Обещает, будет сиять, словно непростое яичко из-под хвоста Рябы-куры.
Красиво! Золотой зуб у меня есть, и ещё золотой глаз будет. Я
согласился: золото не ржавеет и отёков не дает – это совет дельный!
– он был убеждённо деловит.

– Николай Иванович, вам с таким глазом не в Ереван ехать надо,
а в постели лежать. Антибиотики колоть. И не переохлаждаться.
А вы к колодцу бегаете полураздетым... Вот вам пока народное средство
от «ячменя»,– и Савельев, скрутив дулю, поднёс её к глазу Назаренко.

Николай Иванович, глубоко скосив к переносице здоровый глаз, пристально
и серьёзно рассмотрел фигуру и сказал:

– Меня Ноздрин уже третий день этим лечит.

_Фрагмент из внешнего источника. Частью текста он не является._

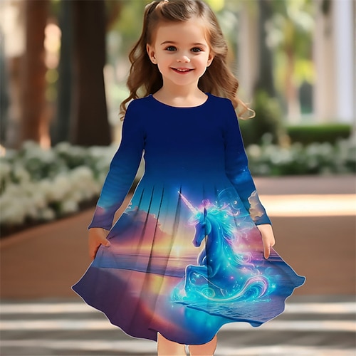 ragazze' 3D Unicorno Abito Manica Lunga Estate Primavera Vacanza Quotidiano Ferie Principessa Bello Dolce Bambini 4-12 Anni Vestito Casual Abito a trapezio Lunghezza al ginocchio Vestibilità regolare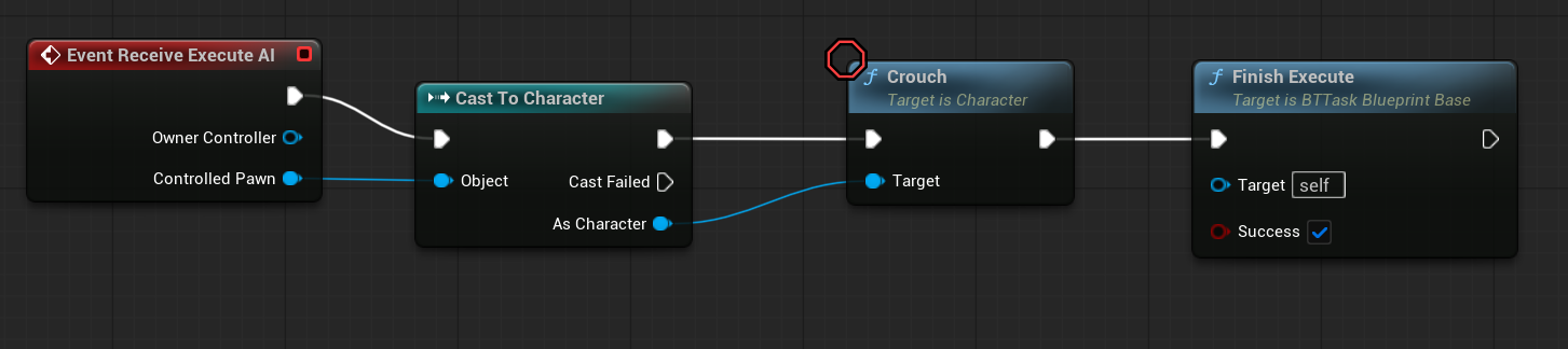 BTTask_Crouch. Really simple – just call Crouch function on the controlled Pawn.

Виктору Николаевичу стало совестно аж жарко! И он искренне извинился
за необдуманный жест.

– Чего там... Я понимаю. Лекарств нет, один аминазин. Вон Дольмас,
бедный, опять клизмы не допросится сделать. Как вы его тогда вымыли,
так никто к нему больше по-человечески и не отнёсся. Родной вы
наш!

Савельев не сдержал улыбку.

– А я! – вспомнив, что он уже давным-давно не жаловался доктору
на больной зуб, Назаренко поменял умилённое выражение лица на
мученическое, растопырил рот и полез пальцем к зубу, – ну, Виктор
Николаевич, ну любимый, ну долго ли я ещё эту страсть буду терпеть?
Вырвать его и вся забота!

Савельев, отметив про себя, что Назаренко намного хуже слышит,
объяснил ему с помощью знаков, что уже не раз говорил с завотделением
о его зубах.

– Да... Он меры не принимает. Постарайтесь уж вы, что от вас зависит,
сделать.

– Обязательно постараюсь, – кивнул головой Савельев.

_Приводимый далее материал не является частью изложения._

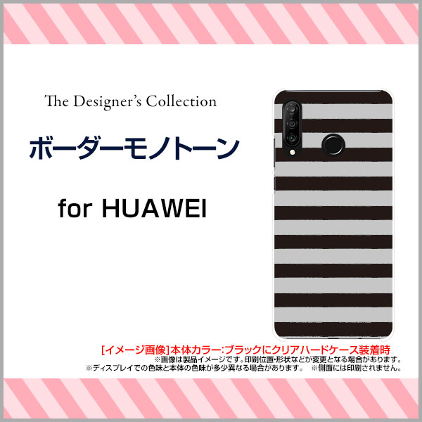 液晶保護ガラスフィルム付 HUAWEI P30 lite Premium ファーウェイ ピーサーティ ライト プレミアム[HWV33]auボーダーモノトーン[ スマホカバー 携帯ケース 人気 定番 ]

– Ну я так и думал! – и Назаренко осиял доктора одной из самых
тёплых своих улыбок с солнечной искоркой золотого зуба,– я верю
вам! Вы ж мой единственный здесь спаситель, а то – не врач, а
так... – Николай Иванович свёл пальцы в колечко, поднёс его к
глазу, а затем указательный поставил в ноздрю и намекающим движением
повёл бровями в сторону ординаторской первого отделения,– слушайте,
Виктор Николаевич, а «17 – 24» – не ваша машина? Нет? А я думал,–
с неподдельным переживанием,– что ваша. Не заработали ещё? Да
тут ходить недалеко. Зато у вас с супругой кольцо. И у меня тоже
есть, так что и ч и к а н у ц у к и с и н т а н а п е а к т а
р а с п а у т а.

ВЦСПС! Минуточку, я сейчас.

Виктор Николаевич дождался пока Назаренко наполнит вёдра, подхватил
одно из них и двинулся вместе с ним в отделение – заниматься больными
глазами, зубами и прочими страданиями неухоженного.

5

Ну, а теперь – немного о сокровенном. По прихоти мысли.

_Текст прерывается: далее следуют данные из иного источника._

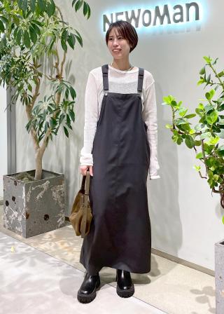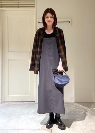 ショルダーベルトが長さ調節できるので、身長171cmでも安心して着られました。身幅はゆったりしているので厚手のニットなども中に着れます。バックスリットが入っているので、足捌きも楽です。

Не следует думать, что слова относительно неравнодушия Лиды Голутвиной
к Савельеву, произнесённые Титковым в состоянии штатного алкогольного
эксцесса, пролетели мимо ушей Виктора Николаевича и были отнесены
им на счёт ветренной погоды, буйствовавшей в тот день в голове
Петра Леонидовича.

Нет! На доброе мнение о себе мы все отзывчивы и небезразличны.

Молодой доктор и сам замечал как сестричка смотрит на него и как
говорит с ним, и как касается руки. Конечно, его руки касались
многие, в том числе, не без претензии, и Рассохина. Но Лидия Анатольевна,
до того бойкая на язык, что казалось нет ей сбою, при пристальном
взгляде своего о б о ж е, буквально, смешивалась. И всё её смятение
и другие волновавшие чувства высказывались устами простодушной
Анны Михайловны почти так:

– Знаете, девки, не могу не открыться – люблю я нашего Витюню!
Ух, до чего ж люблю! Это же клад, а не мужик. Не то, что мой Коня...
Тоньке позавидовать можно!

И словно подтолкнутые откровенностью товарки, сёстры наперебой
начинали дружное славословие Савельева, сдерживаемое при нём.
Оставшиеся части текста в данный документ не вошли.